EXTRACTED INFORMATION: Begin
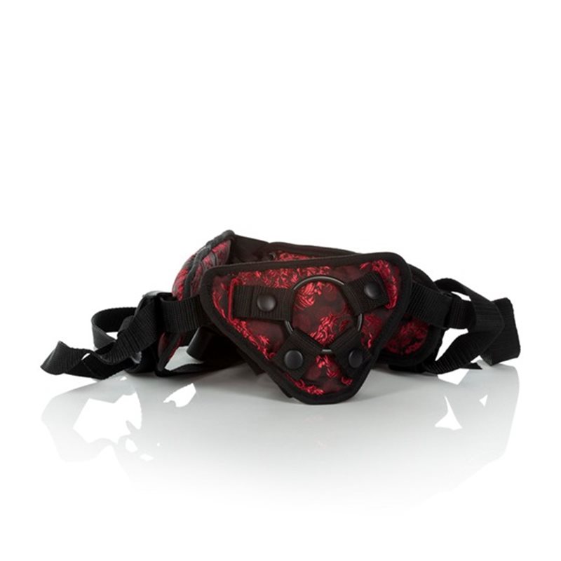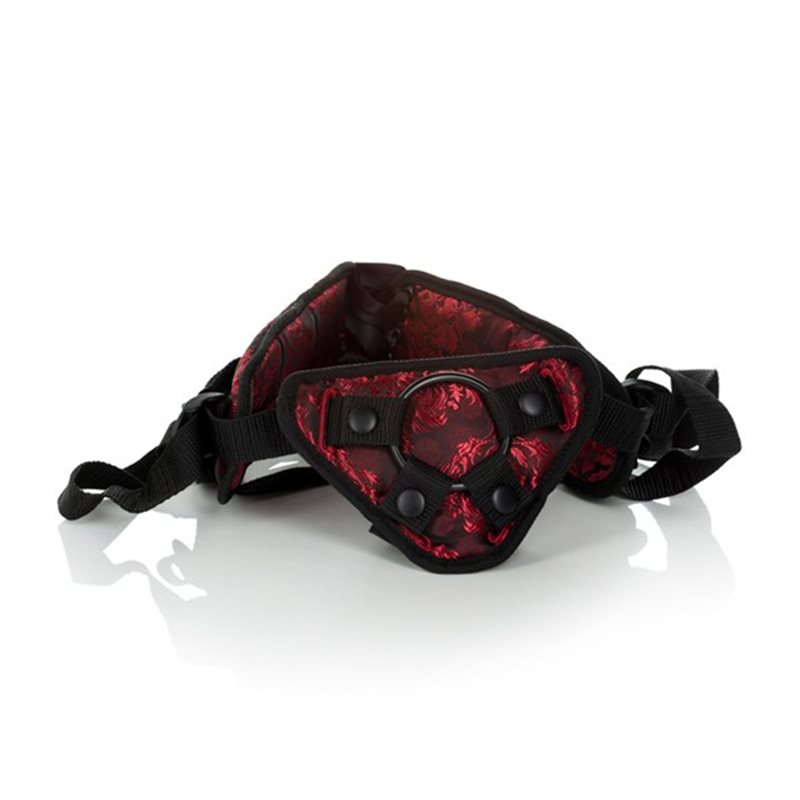 Scandal corset harness – strap-on na dildo w formie kobiecej uprzęży z uwodzicielskiej serii Scandal. Miękko wykończony element na kości łonowej zapobiega wpijaniu się w ciało twardych podstaw mocowanych zabawek. Regulacja obwodu w pasie oraz pod udami pozwala na dokładne dopasowanie rozmiaru to każdej kobiecej figury. Podwójne mocowanie podstawy dilda o różnych średnicach pozwala dostosować obwód kółka mocującego do obwodu dilda. Tył strap-ona jest ozdobiony gorsetowym sznurowaniem lekko rozszerzającym zakres regulacji.
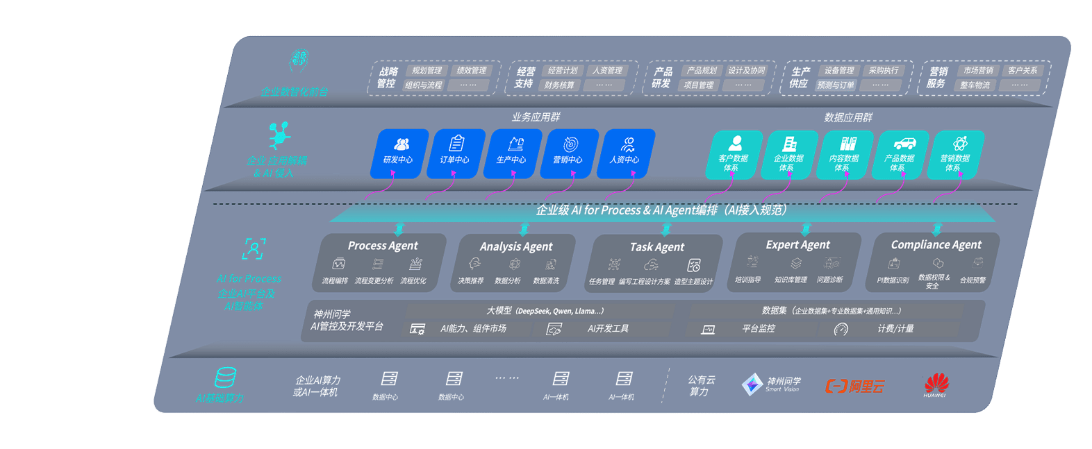 端到端的一站式AI工作空间深度融合了从企业战略规划到日常经营的全流程业务板块,,,定向解决车企内部领域多、、部门多、、链条长、、、、场景碎片化等难题,,,,支持车企快速构建以AI为核心的生产力写作体系,,实现任务执行与AI能力的无缝集成与交互
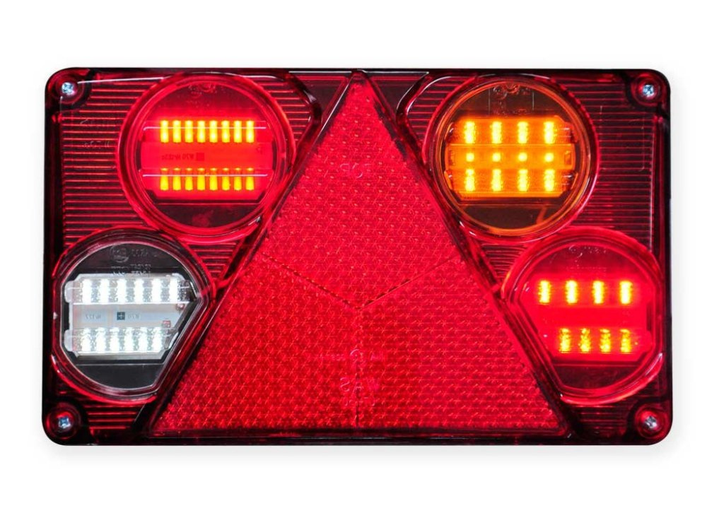 LAMPA TYLNALAMPA TYŁ P (LED, 12/24V, CZERWONY, Z KIERUNKOWSKAZEM, ZE ŚWIATŁEM PRZECIWMGIELNYM, ZE ŚWIATŁEM COFANIA, ZE ŚWIATŁEM STOPU, ŚWIATŁO POZYCYJNE, ODBLASK TRÓJKĄTNY)Informacje dodatkowe: Gwarantowana jakość i dopasowanie. Możliwość dopasowania
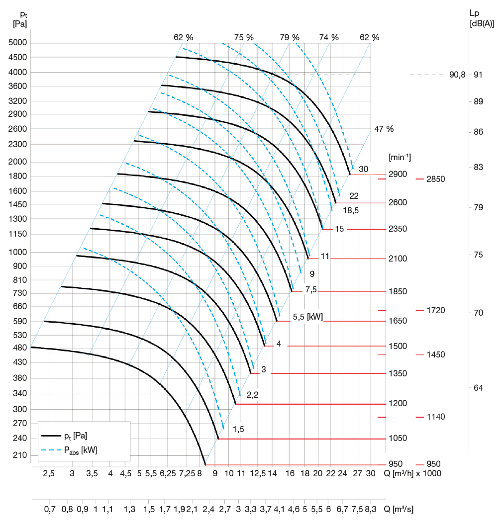 ![]() | Hluk Hladina akustického tlaku ve vzdálenosti 1,5 m ve volném akustickém poli se odečte na stupnici Lp výkonového diagramu z průsečíku křivky otáček a přímky nejvyšší účinnosti. Akustický výkon v jednotlivých oktávových pásmech pro různé hodnoty otáček je uveden v tabulce pod diagramem. Hodnoty jsou měřeny s tolerancí ±3 dB. | |
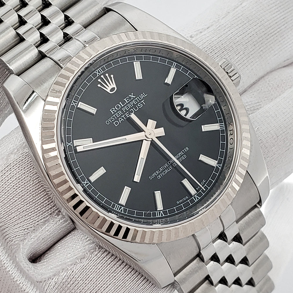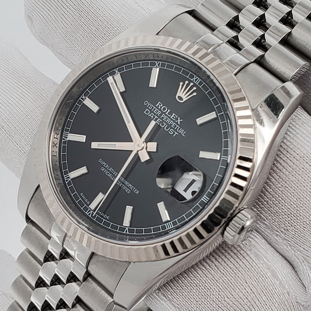 Rolex Datejust 36mm Black Index Dial White Gold Fluted Bezel Steel Jubilee Watch 116234 Box Papers
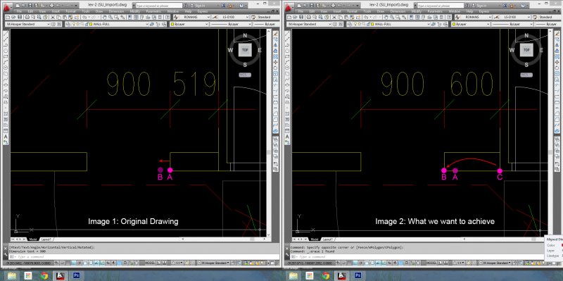 Mhooper Posted January 25, 2014 Author Posted January 25, 2014 I dont think that i explained myself very well. See attached image. Image 1: Is the orginal drawing Image 2: is what i want to achieve. In this example there is an opening in a blockwork wall. Image 1 can see the opening is set 519mm from the end of the wall. This doesnt make sense and should be 600mm. In image 1 you can use stretch move the opening from point 'A' to 'B' by adding 81mm. However this require calculation. In the firm i use to work for they used stretch to shift the door opening like in image 2. First you would use the stretch command and select the opening. Select point 'a' which then you would hit there custom shortcut then click point 'c' and type the dimension (in this case '600') this would move the opening to point 'c'. I hope that's clearer. Quote
EXTRACTED INFORMATION: End
Output all data exactly, omitting images.

EXERCISE RESULT >>
 Scandal corset harness – strap-on na dildo w formie kobiecej uprzęży z uwodzicielskiej serii Scandal. Miękko wykończony element na kości łonowej zapobiega wpijaniu się w ciało twardych podstaw mocowanych zabawek. Regulacja obwodu w pasie oraz pod udami pozwala na dokładne dopasowanie rozmiaru to każdej kobiecej figury. Podwójne mocowanie podstawy dilda o różnych średnicach pozwala dostosować obwód kółka mocującego do obwodu dilda. Tył strap-ona jest ozdobiony gorsetowym sznurowaniem lekko rozszerzającym zakres regulacji.
 端到端的一站式AI工作空间深度融合了从企业战略规划到日常经营的全流程业务板块,,,定向解决车企内部领域多、、部门多、、链条长、、、、场景碎片化等难题,,,,支持车企快速构建以AI为核心的生产力写作体系,,实现任务执行与AI能力的无缝集成与交互
 LAMPA TYLNALAMPA TYŁ P (LED, 12/24V, CZERWONY, Z KIERUNKOWSKAZEM, ZE ŚWIATŁEM PRZECIWMGIELNYM, ZE ŚWIATŁEM COFANIA, ZE ŚWIATŁEM STOPU, ŚWIATŁO POZYCYJNE, ODBLASK TRÓJKĄTNY)Informacje dodatkowe: Gwarantowana jakość i dopasowanie. Możliwość dopasowania
 ![]() | Hluk Hladina akustického tlaku ve vzdálenosti 1,5 m ve volném akustickém poli se odečte na stupnici Lp výkonového diagramu z průsečíku křivky otáček a přímky nejvyšší účinnosti. Akustický výkon v jednotlivých oktávových pásmech pro různé hodnoty otáček je uveden v tabulce pod diagramem. Hodnoty jsou měřeny s tolerancí ±3 dB. | |
 Rolex Datejust 36mm Black Index Dial White Gold Fluted Bezel Steel Jubilee Watch 116234 Box Papers
 Mhooper Posted January 25, 2014 Author Posted January 25, 2014 I dont think that i explained myself very well. See attached image. Image 1: Is the orginal drawing Image 2: is what i want to achieve. In this example there is an opening in a blockwork wall. Image 1 can see the opening is set 519mm from the end of the wall. This doesnt make sense and should be 600mm. In image 1 you can use stretch move the opening from point 'A' to 'B' by adding 81mm. However this require calculation. In the firm i use to work for they used stretch to shift the door opening like in image 2. First you would use the stretch command and select the opening. Select point 'a' which then you would hit there custom shortcut then click point 'c' and type the dimension (in this case '600') this would move the opening to point 'c'. I hope that's clearer. Quote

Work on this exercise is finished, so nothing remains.